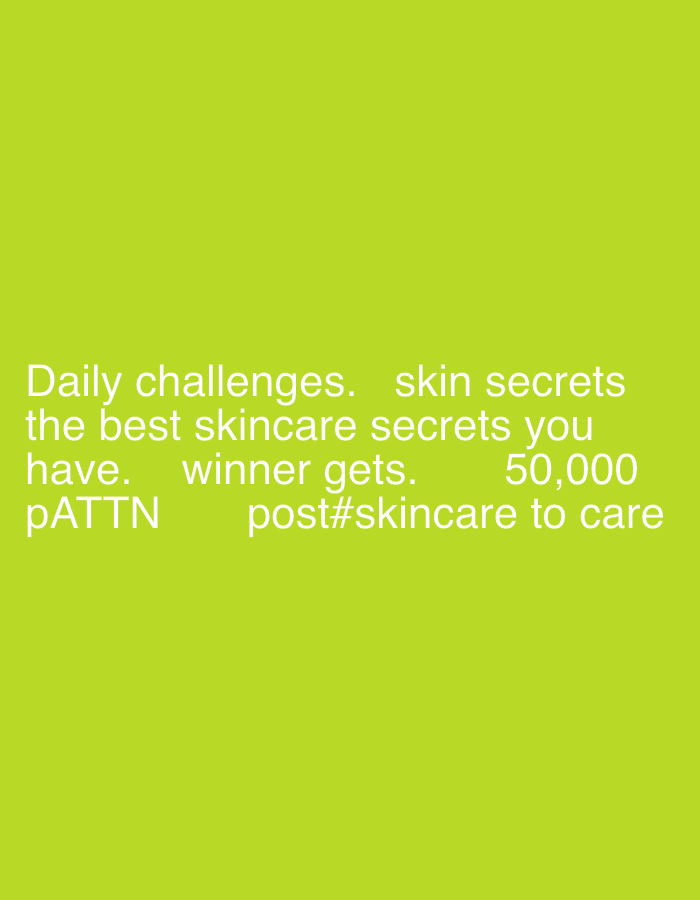 The image displays white sans-serif text centered on a solid lime green background. The text outlines a "Daily challenges" initiative focused on "skin secrets." It states, "the best skincare secrets you have. winner gets. 50,000 pATTN post#skincare to care." No people, physical objects, or specific environmental features beyond the colored background are depicted. The scene is a digital graphic, not a photograph of a physical location in Alaguntan, Nigeria; however, the challenge described within the text implies an activity potentially originating from or targeting an audience in such a region. The "50,000" likely refers to a monetary prize in Nigerian Naira.
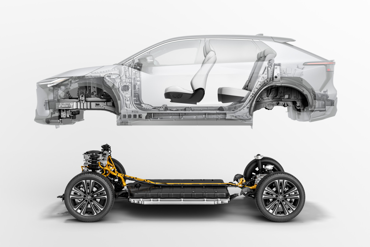 Новый паркетник построен на электрической платформе e-TNGA (e-Toyota New Global Architecture) и по габаритам немного превосходит RAV4: длина – 4690 мм, ширина – 1860 мм, высота – 1650 мм при длине колесной базы 2850 мм.
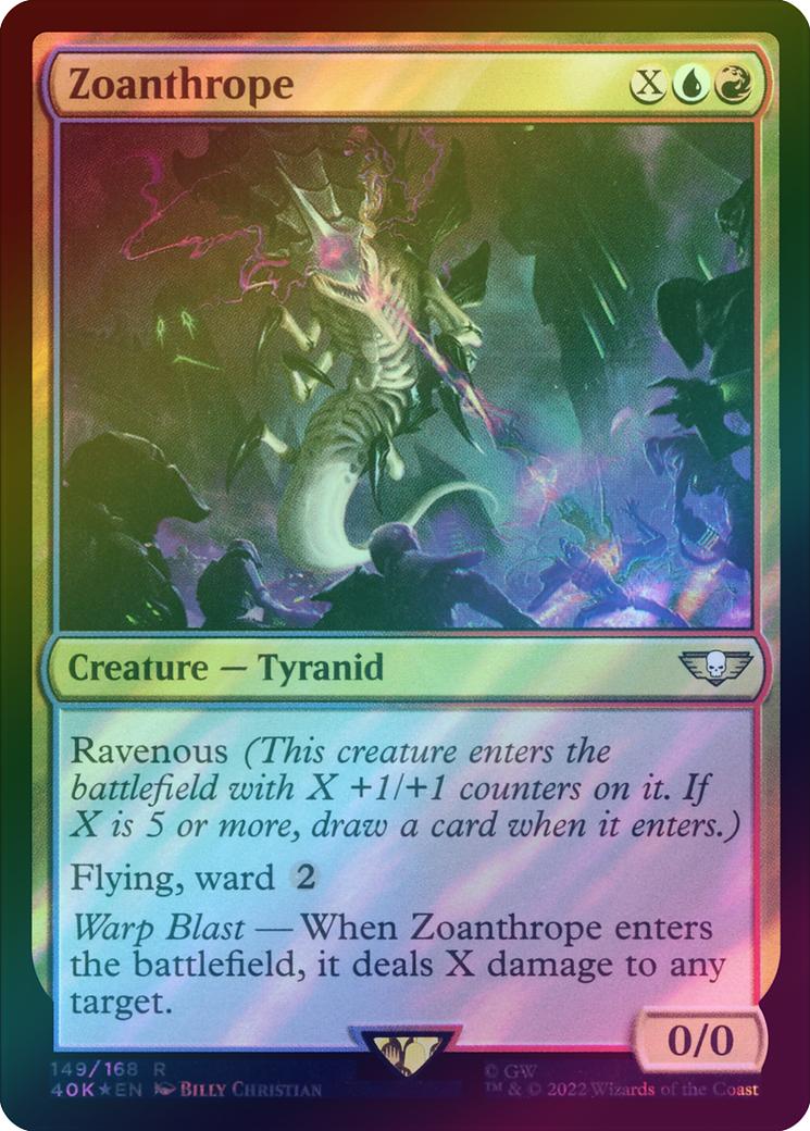 ZoanthropeCasting Cost: Card Type: Creature - TyranidPower/Toughness: 0/0Card Text: Ravenous (This creature enters with X +1/+1 counters on it. If X is 5 or more, draw a card when it enters.) Flying, ward Warp Blast - When this creature enters, it deals X damage to any target.Artist: Billy Christian
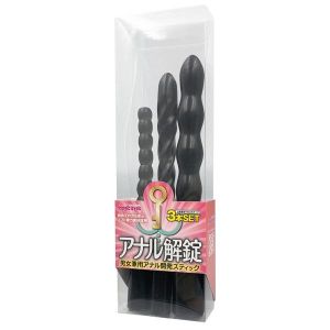 ハイ、みんな!今日はすごーくエッチな話題がありますよ!アダルトグッズ「アナル解錠スティック ピンク ブラック」の紹介をします!このグッズは初めてのアナルセックスでも安心して使えるように、3ステップで開発できるセットになっているの。男性も女性も使えるので、パートナーと一緒に楽しむこともできるんだよ!
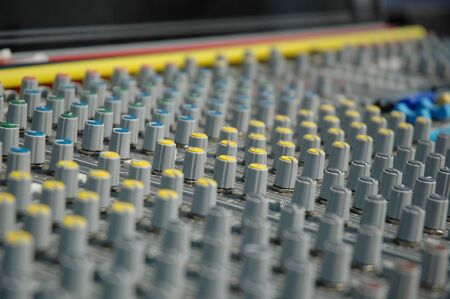 Analogue sound mixing table. Foreground and background out of focus, focus in the middle of the shot
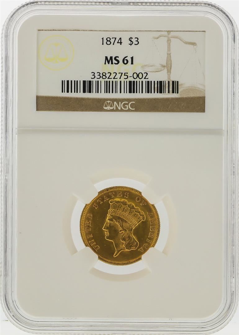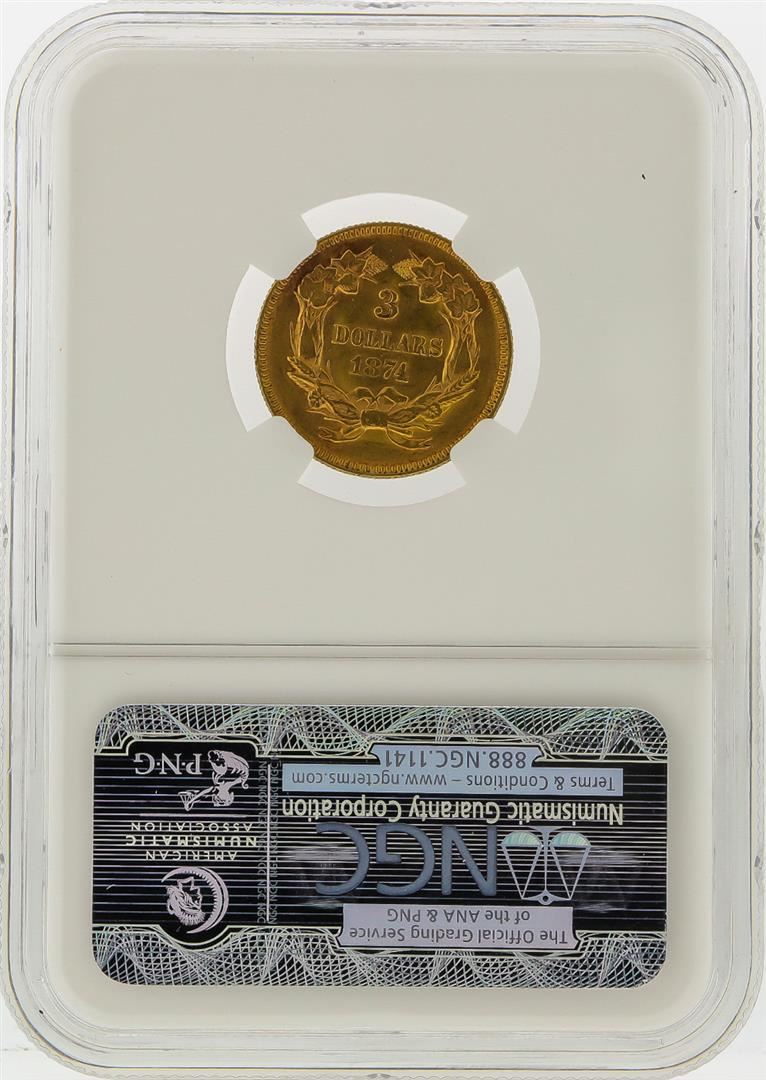 One 1874 $3 Indian Princess Head Gold Coin NGC MS61. NGC Certified.
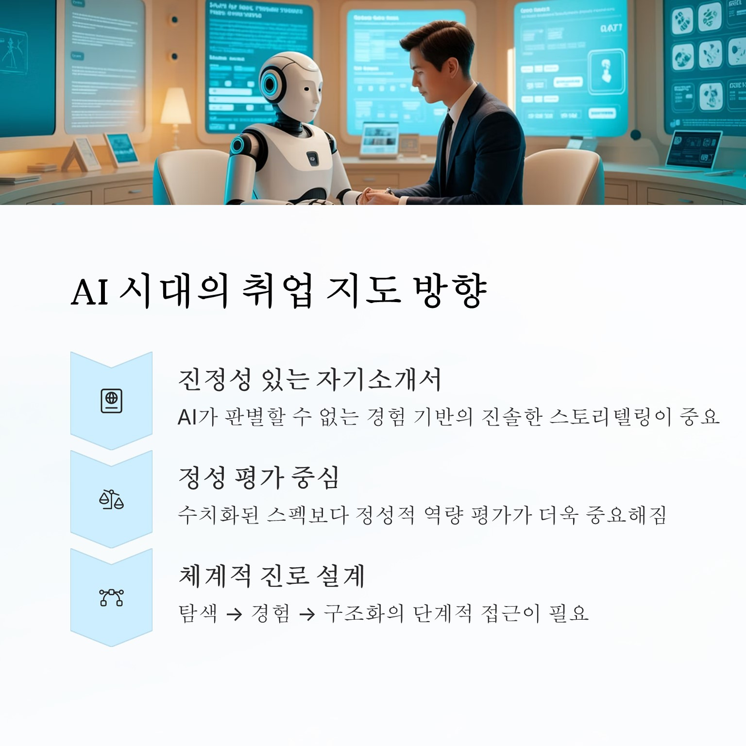 6. AI 채용 시대에는 진정성이 담긴 경험 기반 자소서가 중요하며, GPT 등 도구 사용에 의존하면 오히려 감점 요인이 될 수도 있다. 경험기반의 자기만의 노력이 들어가야만 한다.
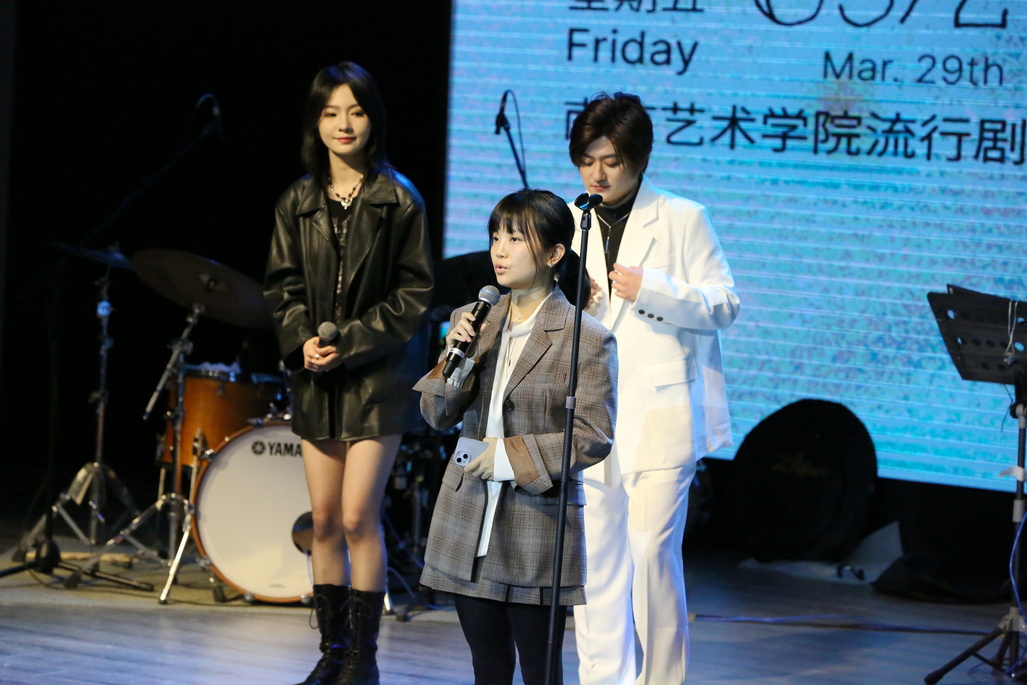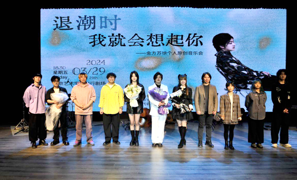 金方苏徐是流行音乐创作专业 2020 级本科生,自幼学习音乐,入校后师从杜卉老师,在她的指导下在本科期间学习并掌握了多种音乐风格。这场音乐会的原创作品中融合了爵士、拉丁以及R&B等多种元素,音乐会节目以独唱、对唱、合唱、唱跳以及乐队演奏等多种表演形式呈现,节目内容丰富多样,在场观众掌声与赞赏不断。
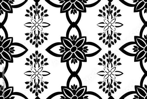 Flower damask ornate seamless pattern. Vector surface design for fabric, apparel textile, book, interior, wallpaper background
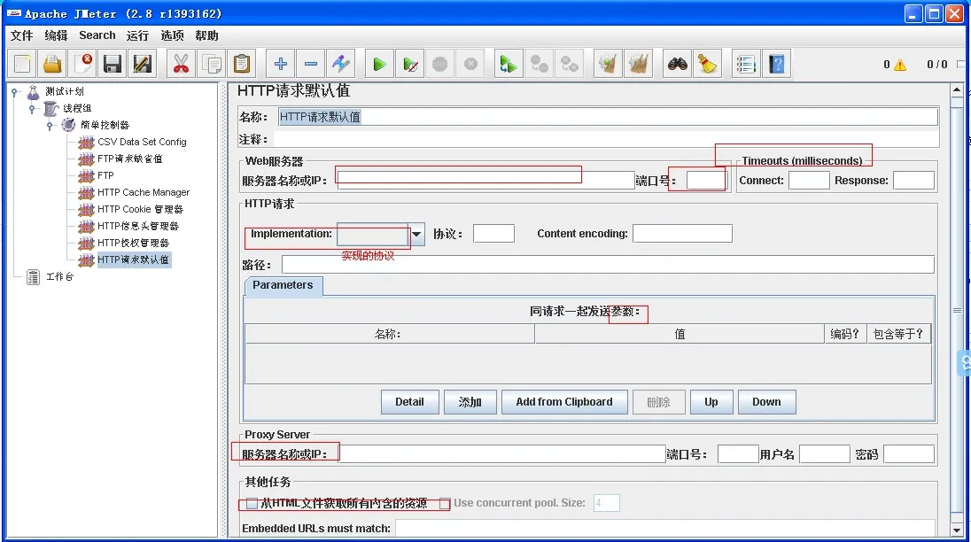 从HTML文件获取所有有内含的资源:当该选项被选中时,jmeter在发出HTTP请求并获得响应的HTML文件内容后,还对该HTML进行Parse 并获取HTML中包含的所有资源(图片、flash等),默认不选中,如果用户只希望获取页面中的特定资源,可以在下方的Embedded URLs must match 文本框中填入需要下载的特定资源表达式,这样,只有能匹配指定正则表达式的URL指向资源会被下载。

--- Task requirements ---
Any pictures should be dropped; transcribe the rest of the records above exactly.

--- Reply to the exercise ---
 The image displays white sans-serif text centered on a solid lime green background. The text outlines a "Daily challenges" initiative focused on "skin secrets." It states, "the best skincare secrets you have. winner gets. 50,000 pATTN post#skincare to care." No people, physical objects, or specific environmental features beyond the colored background are depicted. The scene is a digital graphic, not a photograph of a physical location in Alaguntan, Nigeria; however, the challenge described within the text implies an activity potentially originating from or targeting an audience in such a region. The "50,000" likely refers to a monetary prize in Nigerian Naira.
 Новый паркетник построен на электрической платформе e-TNGA (e-Toyota New Global Architecture) и по габаритам немного превосходит RAV4: длина – 4690 мм, ширина – 1860 мм, высота – 1650 мм при длине колесной базы 2850 мм.
 ZoanthropeCasting Cost: Card Type: Creature - TyranidPower/Toughness: 0/0Card Text: Ravenous (This creature enters with X +1/+1 counters on it. If X is 5 or more, draw a card when it enters.) Flying, ward Warp Blast - When this creature enters, it deals X damage to any target.Artist: Billy Christian
 ハイ、みんな!今日はすごーくエッチな話題がありますよ!アダルトグッズ「アナル解錠スティック ピンク ブラック」の紹介をします!このグッズは初めてのアナルセックスでも安心して使えるように、3ステップで開発できるセットになっているの。男性も女性も使えるので、パートナーと一緒に楽しむこともできるんだよ!
 Analogue sound mixing table. Foreground and background out of focus, focus in the middle of the shot
 One 1874 $3 Indian Princess Head Gold Coin NGC MS61. NGC Certified.
 6. AI 채용 시대에는 진정성이 담긴 경험 기반 자소서가 중요하며, GPT 등 도구 사용에 의존하면 오히려 감점 요인이 될 수도 있다. 경험기반의 자기만의 노력이 들어가야만 한다.
 金方苏徐是流行音乐创作专业 2020 级本科生,自幼学习音乐,入校后师从杜卉老师,在她的指导下在本科期间学习并掌握了多种音乐风格。这场音乐会的原创作品中融合了爵士、拉丁以及R&B等多种元素,音乐会节目以独唱、对唱、合唱、唱跳以及乐队演奏等多种表演形式呈现,节目内容丰富多样,在场观众掌声与赞赏不断。
 Flower damask ornate seamless pattern. Vector surface design for fabric, apparel textile, book, interior, wallpaper background
 从HTML文件获取所有有内含的资源:当该选项被选中时,jmeter在发出HTTP请求并获得响应的HTML文件内容后,还对该HTML进行Parse 并获取HTML中包含的所有资源(图片、flash等),默认不选中,如果用户只希望获取页面中的特定资源,可以在下方的Embedded URLs must match 文本框中填入需要下载的特定资源表达式,这样,只有能匹配指定正则表达式的URL指向资源会被下载。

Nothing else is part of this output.